Oral cancer, hub genes, transcription factor

Abstract

Oral squamous cell carcinoma (OSCC) is the seventh most common cancer worldwide. Despite improvement in its control, morbidity and mortality, rates have improved little in the past decades.  To find differential miRNA and gene expression, GSE98463 and GSE3524 expression profiles were acquired from the Gene Expression Omnibus (GEO) database. Screened DE-miRNAs' transcription factors and target genes were predicted. Gene Ontology (GO) and Kyoto Encyclopedia of Genes and Genomes (KEGG) pathway analyses were conducted to predict biological functions. Using Cytoscape software, protein–protein interaction (PPI) networks and hub genes were found in the miRNA-mRNA regulation network. Further hub gene expression and prognostic functions were examined.  We examined 34 DE-miRNAs, 23 upregulated and 11 downregulated. Most screened DE-miRNAs may be regulated by transcription factor SP1. 2190 and 1061 predicted target genes were obtained for upregulated and downregulated DE-miRNAs, respectively.
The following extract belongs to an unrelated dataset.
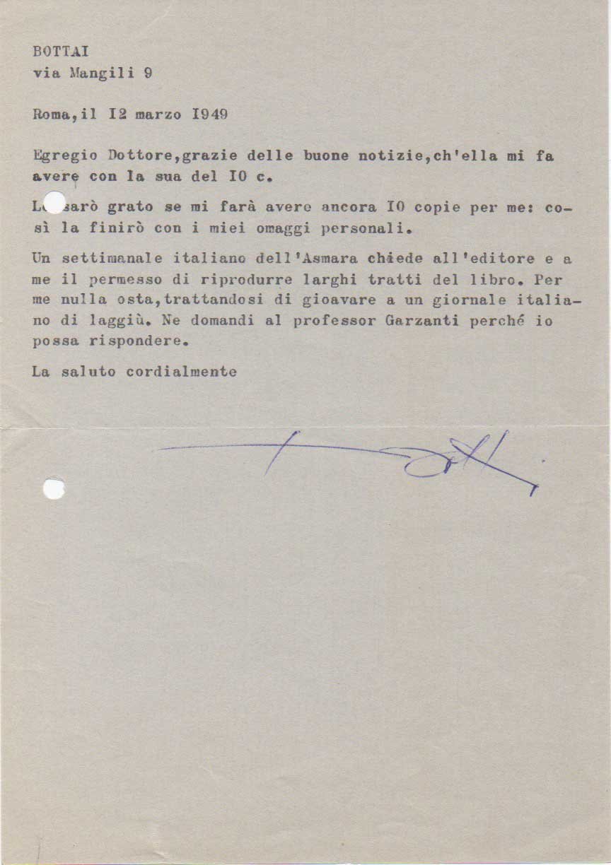 AUTOGRAFORichiesta di alcune di copie di un libro, probabilmente l'opera di Bottai "Vent'anni e un giorno" pubblicato da Garzanti nel 1949. "[…] Il settimanale italiano dell'Asmara chiede all'editore e a me il permesso di riprodurre larghi tratti del libro. Per me nulla osta […]. Ne domandi al professor Garzanti perché io possa rispondere […] ".

Subsequently, 452 upregulated DEGs and 221 downregulated DEGs were identified. Then, 18 and 58 potential downregulated and upregulated genes commonly appeared in target genes of DE-miRNAs and DEGs were selected for GO annotation and KEGG pathway enrichment analysis. The candidate target genes were significantly enriched for the Protein digestion and absorption, Relaxin signalling pathway, and AGE-RAGE signalling pathway. Construction and analysis of PPI network showed that MMP9 and COL1A1were recognized as hub genes with the highest connectivity degrees. Expression analytic result of the top 10 hub genes in OSCC using GEPIA database was generally identical with previous differential expression analysis for TCGA data and its expression was significantly associated with patients’ overall survival. We constructed a putative oral cancer-related miRNA-mRNA regulation network in this study to better understand molecular mechanisms and find novel treatment targets for OSCC. Further trials are needed to confirm our findings.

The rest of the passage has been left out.